A word-for-word copy of the listing, free of images, is the expected answer.

===== Source material =====

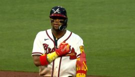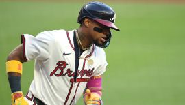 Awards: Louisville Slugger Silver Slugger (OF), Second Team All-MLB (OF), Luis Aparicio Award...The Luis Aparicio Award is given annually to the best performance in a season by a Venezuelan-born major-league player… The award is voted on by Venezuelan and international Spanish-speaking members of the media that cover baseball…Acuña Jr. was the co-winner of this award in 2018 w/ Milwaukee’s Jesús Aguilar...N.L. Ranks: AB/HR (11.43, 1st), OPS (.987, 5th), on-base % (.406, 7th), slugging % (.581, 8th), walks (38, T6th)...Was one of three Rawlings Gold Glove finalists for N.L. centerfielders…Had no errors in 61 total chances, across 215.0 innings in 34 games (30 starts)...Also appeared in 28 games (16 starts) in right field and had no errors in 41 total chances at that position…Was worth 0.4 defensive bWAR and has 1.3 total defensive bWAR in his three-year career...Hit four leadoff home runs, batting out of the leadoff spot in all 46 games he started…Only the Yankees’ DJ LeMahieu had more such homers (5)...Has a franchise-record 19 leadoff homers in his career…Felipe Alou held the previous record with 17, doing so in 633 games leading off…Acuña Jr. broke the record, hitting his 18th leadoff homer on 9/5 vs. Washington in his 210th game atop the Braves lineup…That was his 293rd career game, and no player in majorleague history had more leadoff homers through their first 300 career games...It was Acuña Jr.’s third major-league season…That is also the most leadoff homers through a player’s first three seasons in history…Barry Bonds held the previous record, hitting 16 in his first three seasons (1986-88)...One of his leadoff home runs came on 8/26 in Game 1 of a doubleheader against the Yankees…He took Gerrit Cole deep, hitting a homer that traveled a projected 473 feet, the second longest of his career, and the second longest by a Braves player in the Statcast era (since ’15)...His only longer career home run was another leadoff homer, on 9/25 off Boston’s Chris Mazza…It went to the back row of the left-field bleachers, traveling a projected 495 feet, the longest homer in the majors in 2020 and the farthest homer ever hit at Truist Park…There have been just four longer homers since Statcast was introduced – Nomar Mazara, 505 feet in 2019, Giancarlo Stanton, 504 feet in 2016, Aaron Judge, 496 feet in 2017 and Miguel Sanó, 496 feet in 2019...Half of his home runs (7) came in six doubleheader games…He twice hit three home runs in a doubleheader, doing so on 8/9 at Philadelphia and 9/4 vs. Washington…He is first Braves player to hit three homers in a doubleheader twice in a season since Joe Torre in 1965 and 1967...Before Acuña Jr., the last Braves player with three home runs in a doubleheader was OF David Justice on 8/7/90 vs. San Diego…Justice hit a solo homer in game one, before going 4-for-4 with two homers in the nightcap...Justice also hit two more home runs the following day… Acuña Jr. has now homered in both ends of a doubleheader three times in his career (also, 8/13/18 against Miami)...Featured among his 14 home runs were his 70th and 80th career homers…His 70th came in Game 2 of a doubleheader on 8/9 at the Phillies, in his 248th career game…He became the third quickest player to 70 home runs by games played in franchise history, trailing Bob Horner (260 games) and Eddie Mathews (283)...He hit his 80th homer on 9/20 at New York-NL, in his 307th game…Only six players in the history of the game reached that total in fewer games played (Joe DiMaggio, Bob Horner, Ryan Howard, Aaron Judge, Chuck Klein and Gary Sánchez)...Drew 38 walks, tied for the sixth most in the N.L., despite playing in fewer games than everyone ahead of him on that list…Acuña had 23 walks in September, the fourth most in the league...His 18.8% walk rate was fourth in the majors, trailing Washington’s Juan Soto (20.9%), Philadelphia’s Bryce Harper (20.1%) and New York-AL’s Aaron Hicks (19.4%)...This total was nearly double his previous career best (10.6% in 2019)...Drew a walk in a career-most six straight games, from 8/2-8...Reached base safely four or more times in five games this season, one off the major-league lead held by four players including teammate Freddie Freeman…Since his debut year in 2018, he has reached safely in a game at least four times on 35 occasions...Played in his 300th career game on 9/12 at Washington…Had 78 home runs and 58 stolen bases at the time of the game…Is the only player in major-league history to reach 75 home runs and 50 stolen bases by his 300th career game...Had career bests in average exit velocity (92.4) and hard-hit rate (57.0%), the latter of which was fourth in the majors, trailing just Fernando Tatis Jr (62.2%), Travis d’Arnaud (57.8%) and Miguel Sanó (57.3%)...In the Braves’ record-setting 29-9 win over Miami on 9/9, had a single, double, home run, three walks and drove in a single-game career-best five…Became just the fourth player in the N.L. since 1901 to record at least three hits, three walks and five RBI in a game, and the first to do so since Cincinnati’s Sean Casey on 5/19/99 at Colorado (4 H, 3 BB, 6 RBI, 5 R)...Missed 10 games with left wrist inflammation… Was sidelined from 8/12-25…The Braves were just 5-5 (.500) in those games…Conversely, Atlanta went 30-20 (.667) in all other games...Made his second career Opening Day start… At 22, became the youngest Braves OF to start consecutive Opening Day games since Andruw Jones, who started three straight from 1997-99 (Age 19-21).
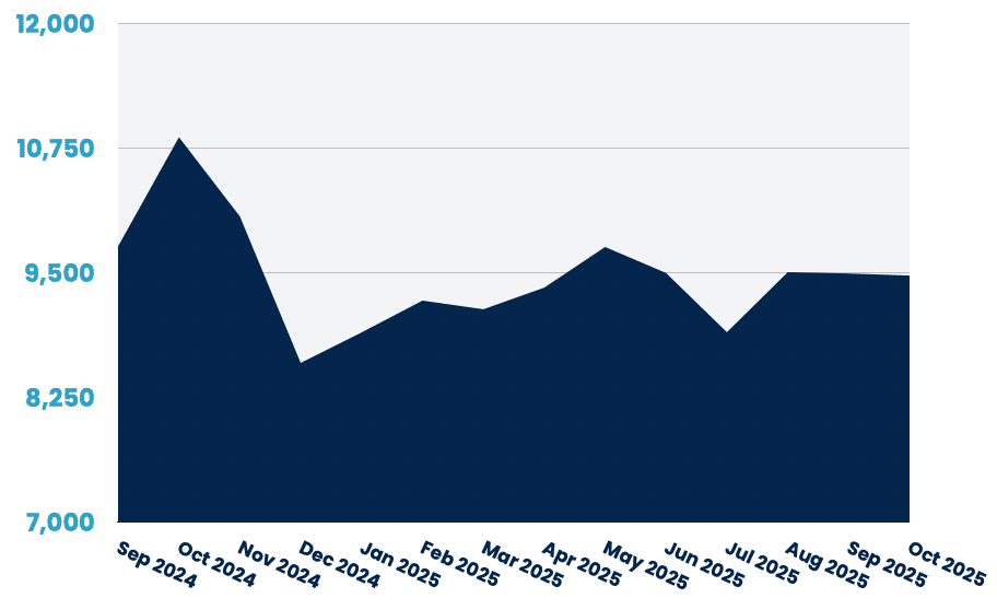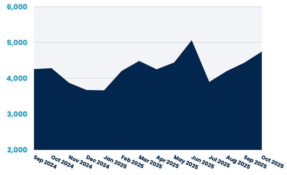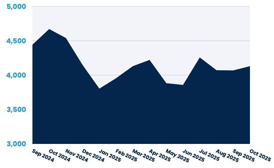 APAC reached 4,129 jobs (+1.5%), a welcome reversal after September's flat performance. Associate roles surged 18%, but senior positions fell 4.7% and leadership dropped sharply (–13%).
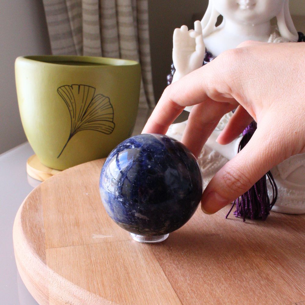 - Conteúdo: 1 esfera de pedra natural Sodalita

=====

Exercise response
 Awards: Louisville Slugger Silver Slugger (OF), Second Team All-MLB (OF), Luis Aparicio Award...The Luis Aparicio Award is given annually to the best performance in a season by a Venezuelan-born major-league player… The award is voted on by Venezuelan and international Spanish-speaking members of the media that cover baseball…Acuña Jr. was the co-winner of this award in 2018 w/ Milwaukee’s Jesús Aguilar...N.L. Ranks: AB/HR (11.43, 1st), OPS (.987, 5th), on-base % (.406, 7th), slugging % (.581, 8th), walks (38, T6th)...Was one of three Rawlings Gold Glove finalists for N.L. centerfielders…Had no errors in 61 total chances, across 215.0 innings in 34 games (30 starts)...Also appeared in 28 games (16 starts) in right field and had no errors in 41 total chances at that position…Was worth 0.4 defensive bWAR and has 1.3 total defensive bWAR in his three-year career...Hit four leadoff home runs, batting out of the leadoff spot in all 46 games he started…Only the Yankees’ DJ LeMahieu had more such homers (5)...Has a franchise-record 19 leadoff homers in his career…Felipe Alou held the previous record with 17, doing so in 633 games leading off…Acuña Jr. broke the record, hitting his 18th leadoff homer on 9/5 vs. Washington in his 210th game atop the Braves lineup…That was his 293rd career game, and no player in majorleague history had more leadoff homers through their first 300 career games...It was Acuña Jr.’s third major-league season…That is also the most leadoff homers through a player’s first three seasons in history…Barry Bonds held the previous record, hitting 16 in his first three seasons (1986-88)...One of his leadoff home runs came on 8/26 in Game 1 of a doubleheader against the Yankees…He took Gerrit Cole deep, hitting a homer that traveled a projected 473 feet, the second longest of his career, and the second longest by a Braves player in the Statcast era (since ’15)...His only longer career home run was another leadoff homer, on 9/25 off Boston’s Chris Mazza…It went to the back row of the left-field bleachers, traveling a projected 495 feet, the longest homer in the majors in 2020 and the farthest homer ever hit at Truist Park…There have been just four longer homers since Statcast was introduced – Nomar Mazara, 505 feet in 2019, Giancarlo Stanton, 504 feet in 2016, Aaron Judge, 496 feet in 2017 and Miguel Sanó, 496 feet in 2019...Half of his home runs (7) came in six doubleheader games…He twice hit three home runs in a doubleheader, doing so on 8/9 at Philadelphia and 9/4 vs. Washington…He is first Braves player to hit three homers in a doubleheader twice in a season since Joe Torre in 1965 and 1967...Before Acuña Jr., the last Braves player with three home runs in a doubleheader was OF David Justice on 8/7/90 vs. San Diego…Justice hit a solo homer in game one, before going 4-for-4 with two homers in the nightcap...Justice also hit two more home runs the following day… Acuña Jr. has now homered in both ends of a doubleheader three times in his career (also, 8/13/18 against Miami)...Featured among his 14 home runs were his 70th and 80th career homers…His 70th came in Game 2 of a doubleheader on 8/9 at the Phillies, in his 248th career game…He became the third quickest player to 70 home runs by games played in franchise history, trailing Bob Horner (260 games) and Eddie Mathews (283)...He hit his 80th homer on 9/20 at New York-NL, in his 307th game…Only six players in the history of the game reached that total in fewer games played (Joe DiMaggio, Bob Horner, Ryan Howard, Aaron Judge, Chuck Klein and Gary Sánchez)...Drew 38 walks, tied for the sixth most in the N.L., despite playing in fewer games than everyone ahead of him on that list…Acuña had 23 walks in September, the fourth most in the league...His 18.8% walk rate was fourth in the majors, trailing Washington’s Juan Soto (20.9%), Philadelphia’s Bryce Harper (20.1%) and New York-AL’s Aaron Hicks (19.4%)...This total was nearly double his previous career best (10.6% in 2019)...Drew a walk in a career-most six straight games, from 8/2-8...Reached base safely four or more times in five games this season, one off the major-league lead held by four players including teammate Freddie Freeman…Since his debut year in 2018, he has reached safely in a game at least four times on 35 occasions...Played in his 300th career game on 9/12 at Washington…Had 78 home runs and 58 stolen bases at the time of the game…Is the only player in major-league history to reach 75 home runs and 50 stolen bases by his 300th career game...Had career bests in average exit velocity (92.4) and hard-hit rate (57.0%), the latter of which was fourth in the majors, trailing just Fernando Tatis Jr (62.2%), Travis d’Arnaud (57.8%) and Miguel Sanó (57.3%)...In the Braves’ record-setting 29-9 win over Miami on 9/9, had a single, double, home run, three walks and drove in a single-game career-best five…Became just the fourth player in the N.L. since 1901 to record at least three hits, three walks and five RBI in a game, and the first to do so since Cincinnati’s Sean Casey on 5/19/99 at Colorado (4 H, 3 BB, 6 RBI, 5 R)...Missed 10 games with left wrist inflammation… Was sidelined from 8/12-25…The Braves were just 5-5 (.500) in those games…Conversely, Atlanta went 30-20 (.667) in all other games...Made his second career Opening Day start… At 22, became the youngest Braves OF to start consecutive Opening Day games since Andruw Jones, who started three straight from 1997-99 (Age 19-21).
 APAC reached 4,129 jobs (+1.5%), a welcome reversal after September's flat performance. Associate roles surged 18%, but senior positions fell 4.7% and leadership dropped sharply (–13%).
 - Conteúdo: 1 esfera de pedra natural Sodalita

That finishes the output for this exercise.